As soon as the first reports came out, Jewish pundits began writing about the film and the way it would arouse antisemitism. The producer denied that it was antisemitic in intent since, according to him, it just conveys what the Christian books contain. We cannot reproduce the full debate, and there is no need to.

This whole topic is certainly something that is important and interesting to all Jews. (Nonetheless, it goes without saying that Yated would not take part in the basic debate about such matters.) Yet the question is what was the point of spending six to eight months discussing the antisemitism of the film? Did anyone think that if Jewish journalists warned that a film would arouse antisemitism the movie would be withdrawn?

In fact, the tons of newsprint expended on the topic had virtually no effect in any way that was intended or hoped for by those who wrote about the antisemitism problems. If it had any effect at all, it was to raise the general interest in the film, and to entice Jews to see it who might have otherwise not have done so. There is little doubt that these were interesting and important discussions -- that would have better been left unpublished.
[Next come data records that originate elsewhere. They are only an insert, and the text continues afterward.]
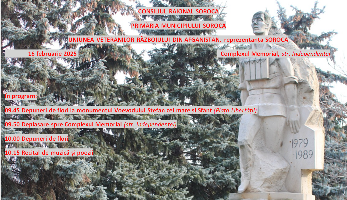 În data de 10 februarie 2025, orele 14.00, Președintele raionului Soroca dl Veaceslav Rusnac a convocat în ședință de lucru membrii Comitetului organizatoric responsabil de organizarea și desfășurarea activităților din 14 februarie 2025 privind omagiul poetului național Grigore Vieru (90 de ani de la naștere) și 16 februarie 2025 – Ziua comemorării celor căzuți în războiul din Afganistan.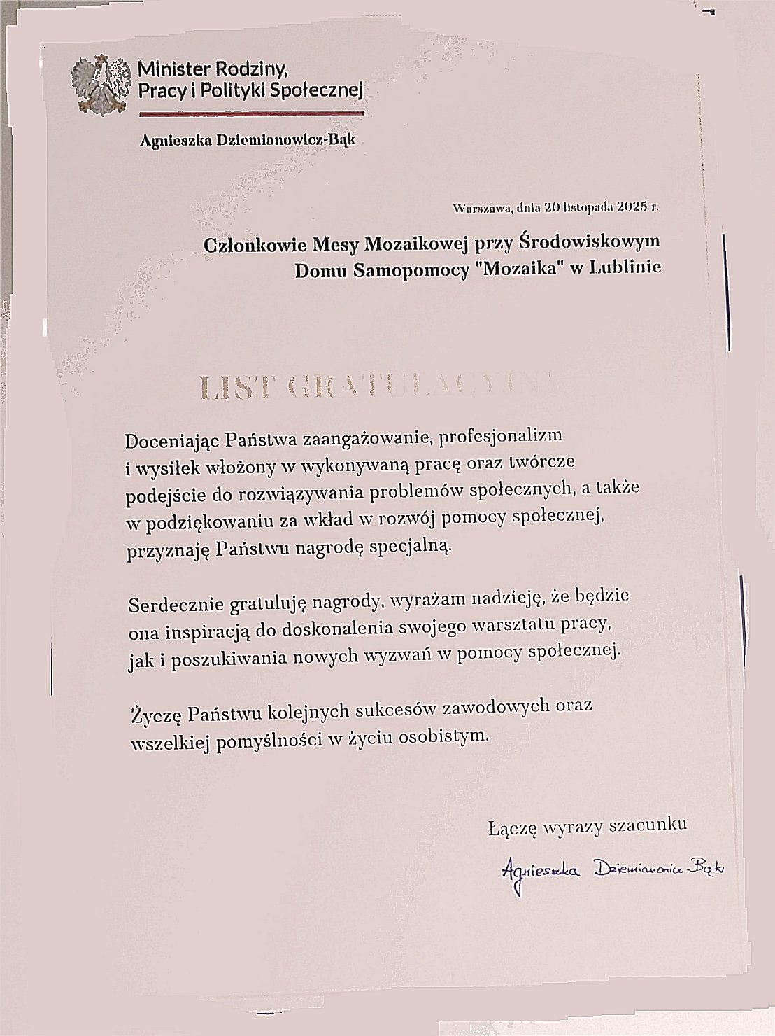 Ta akcja została doceniona i dostaliśmy od pani minister wszystkiego najlepszego, to znaczy dyplom i finansowe wsparcie, które pozwoli nam urządzić dla klubowiczów obóz żeglarski w Jastarni, tak aby poczuli zapach morza. Warto wspomnieć, że oprócz darowizn urzędowych, w tym od miasta Lublina, wspierają nas funkcjonalnie lubelskie kluby żeglarskie. Integracja istnieje już 10 lat i rozkręca się powoli, ale systematycznie również przez rosnącą liczbę wolontariuszy. Marzy nam się wyjście na szersze wody, choćby na Zatokę Gdańską czy Zalew Szczeciński, ale do tego potrzebny byłby jacht zapewniający uczestnikom niezbędne warunki. Pożyjemy – zobaczymy.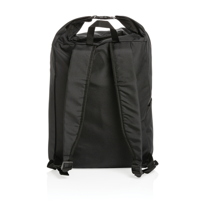 No greenwashing, but telling a true story about sustainability! This Impact 300D RPET rolltop backpack is made with AWARE™ tracer. With AWARE™, the use of genuine recycled fabric materials and water reduction impact claims are guaranteed, by using the AWARE disruptive physical tracer and blockchain technology. Save water and use genuine recycled fabrics. With the focus on water 2% of proceeds of each Impact product sold will be donated to Water.org. Keep it simple and stylish with this rolltop backpack. A perfect size for all your essentials. This backpack has reused 11,6 500ml PETbottles. Water savings are based on figures when compared to conventional fibre. This calculated indication is based on reliable LCA data as published by Textile Exchange in their Material Snapshots 2016.
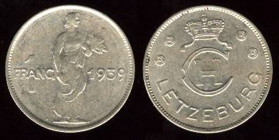 Liuksemburgas 1 frankas 1939 m., KM#44, VF
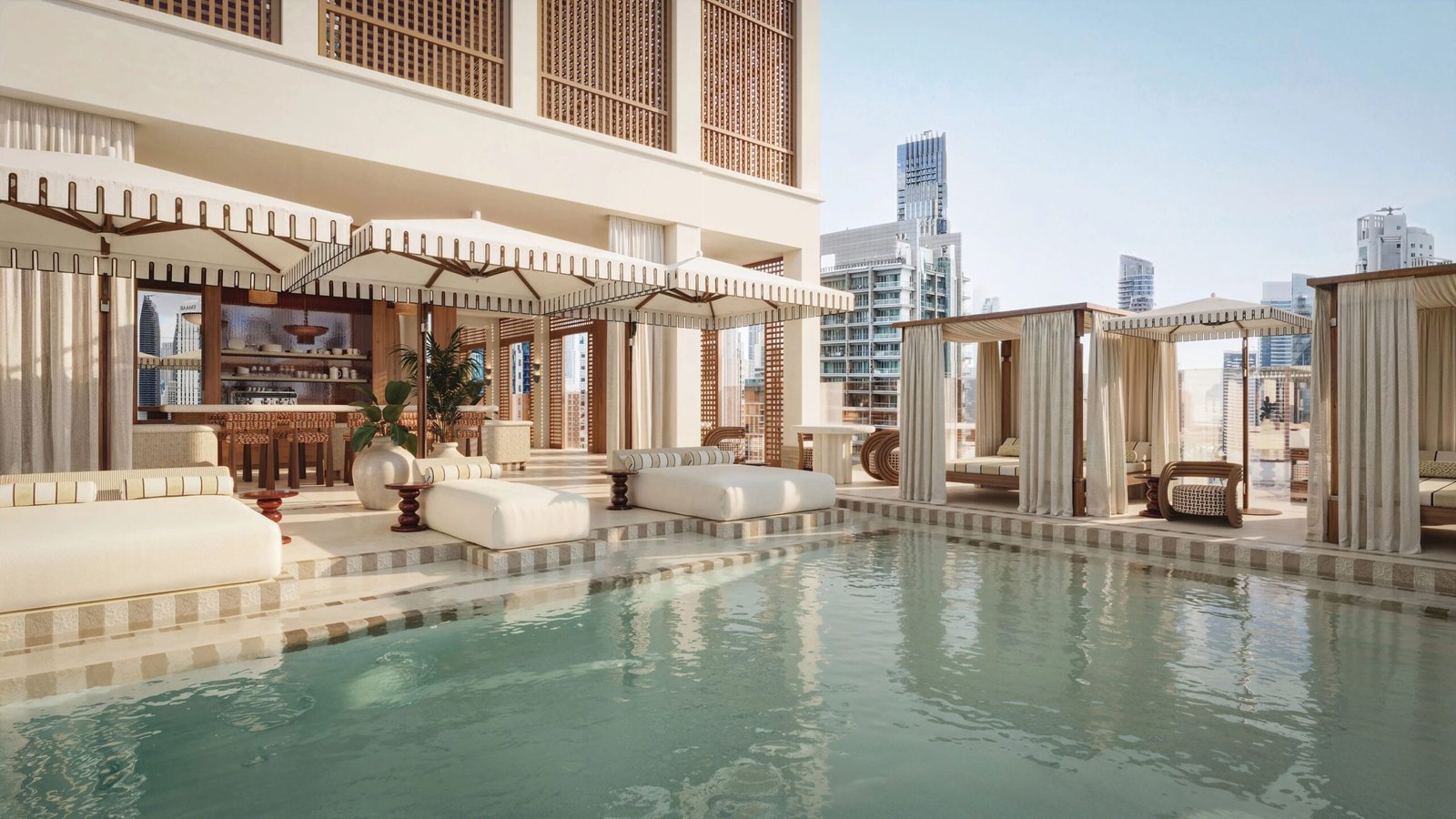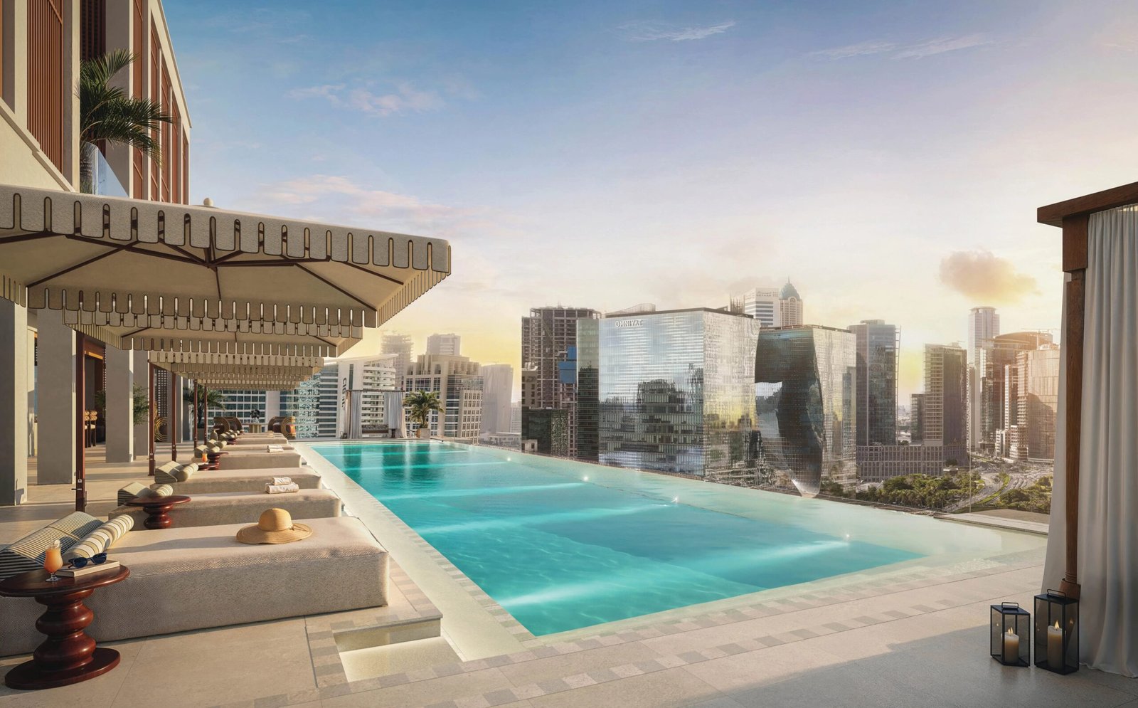 A luxurious infinity-style rooftop pool that offers panoramic views of Downtown Dubai and Business Bay.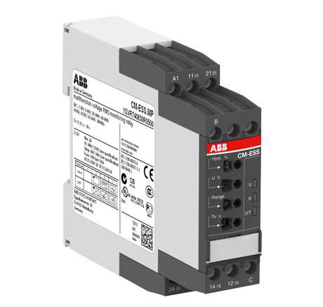 Однофазное реле контроля напряжения CM-ESS.2S (диапазоны измерения 3- 30В, 6-60В, 30-300В, 60-600 AC/DC) питание 24-240В AC/DC, 2ПК, винтовые клеммы 1SVR730830R0400 ABB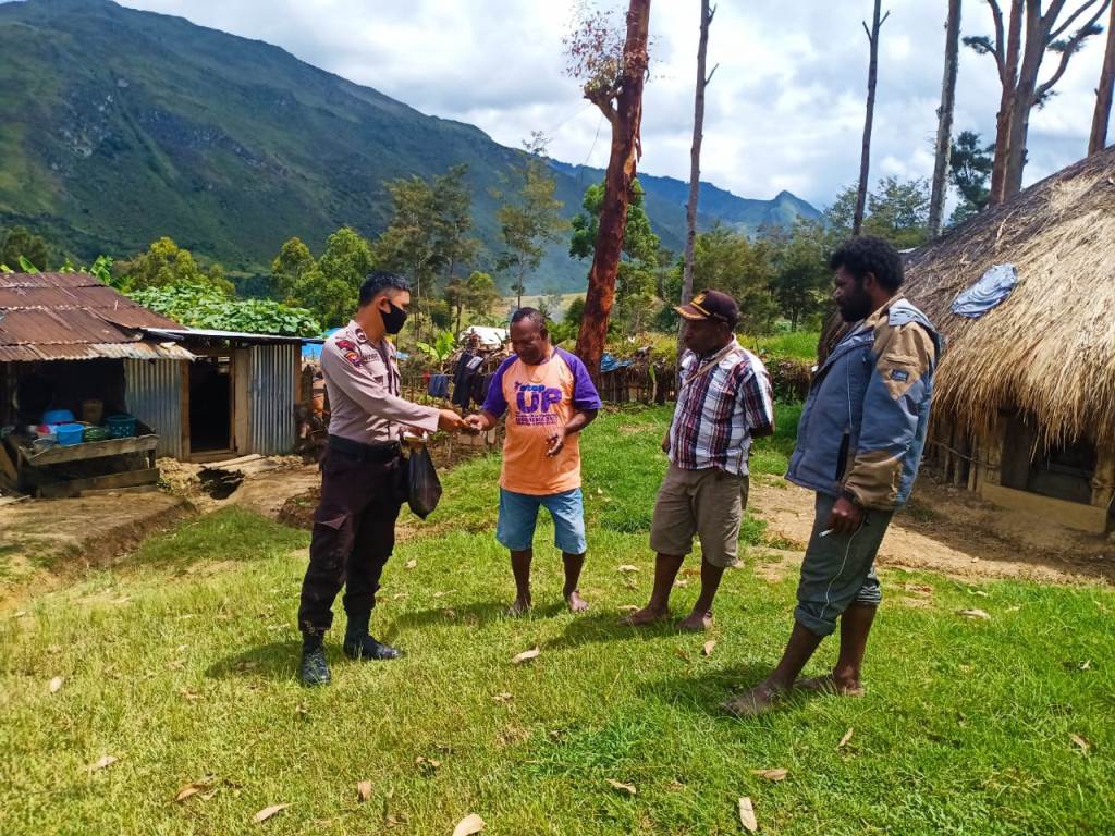 Dalam kesempatan tersebut ,Bripda Budi menyampaikan himbauan kepada bapak Frans Kogoya agar selalu menggunakan masker ketika melakukan aktivitas di luar rumah.

It is all the more evident because the most problematic aspect of the film was virtually ignored. It can be argued that the most damaging aspect of the show is its detailed depiction of brutal, bloody torture, without regard to the Christian context. The film is not an assault on Jews, but on one of our important values: that shefichas domim is inexcusable. Exposing millions to such a gripping experience of horrible violence, in a world in which mercy killing is already legal in "civilized" places and much of the world is not repulsed by suicide bombings of noncombatant children, will certainly be a profoundly destructive force on the social fabric of Western society.